3. It enables us to grasp both the large and the small.
4. It opens our minds to extraordinary ideas but it stops us becoming gullible because it's based on evidence.
5. It gives us a realistic view of the universe, which forces us to reassess the value of all humans to one another.
6. It shows Earth to be small yet precious.
7. It finds beauty in the universe, and in the laws of physics that shape it.
8. It allows us to see beyond our circumstances and to transcend our primal needs.
9. It makes a mockery of nationalism.
10. It embraces our kinship with the rest of life on earth as well as our atomic kinship with the rest of the universe.
Tyson would probably hate what I'm about to say because it's clear from an aside in the book that he has little time for God. But when I read his attributes of the cosmic perspective I couldn't help but think: call it whatever you're comfortable with, but this is what I would call the 'God perspective'. Each of these ten items are equally aspects of the view when looking through a God-window.

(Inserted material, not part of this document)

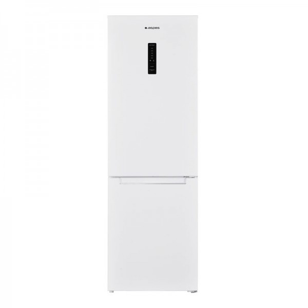 Frigorífico combi Aspes AC185603ENF, libre instalación, color blanco, tecnología No Frost con sistema de ventilación Multi Air Flow y descongelación automática. Capacidad neta total de 293 L, con 210 L en refrigerador y 83 L en congelador de 4 estrellas, temperatura de refrigeración entre 2 y 8 ºC y congelación entre -14 y -22 ºC, capacidad de congelación de 3,8 kg/24h y autonomía de 8,5 h. Dimensiones de 1860 x 600 x 600 mm, soporte sobre patas y ruedas, eficiencia energética E, nivel sonoro de 40 dB, clase climática N/ST, potencia de 110 W y consumo anual de 233 kWh. Gas refrigerante R600a, luz interior LED reemplazable, puertas abatibles reversibles con uñero, 4 baldas de cristal, 1 cajón verdulero, 3 balcones en puerta y 3 cajones en congelador.

God is for everyone; seeing things from God's perspective keeps us humble; it can encompass both the whole of creation and the hairs on our heads, the sparrows and the lilies of the field; the Christian faith is extraordinary - and based on facts even atheists accept (though there will always be things that cannot be proven, only accepted in faith and/or experienced); God's perspective as viewed through the Christian lens jolly well ought to make us value all human beings deeply (when it doesn't, something has gone seriously awry); it does show Earth to be small yet precious; it does lead us to wonder at the beauty of the universe; getting a glimpse of our lives from God's perspective can help us to both embrace and transcend our circumstances, and enlarges our vision of what a meaningful life looks like; God is not nationalist, and true worship of God excludes the possibility of idolising one's country; and finally the God perspective shows us our deep relationships with all the rest of the created order, and indeed with God.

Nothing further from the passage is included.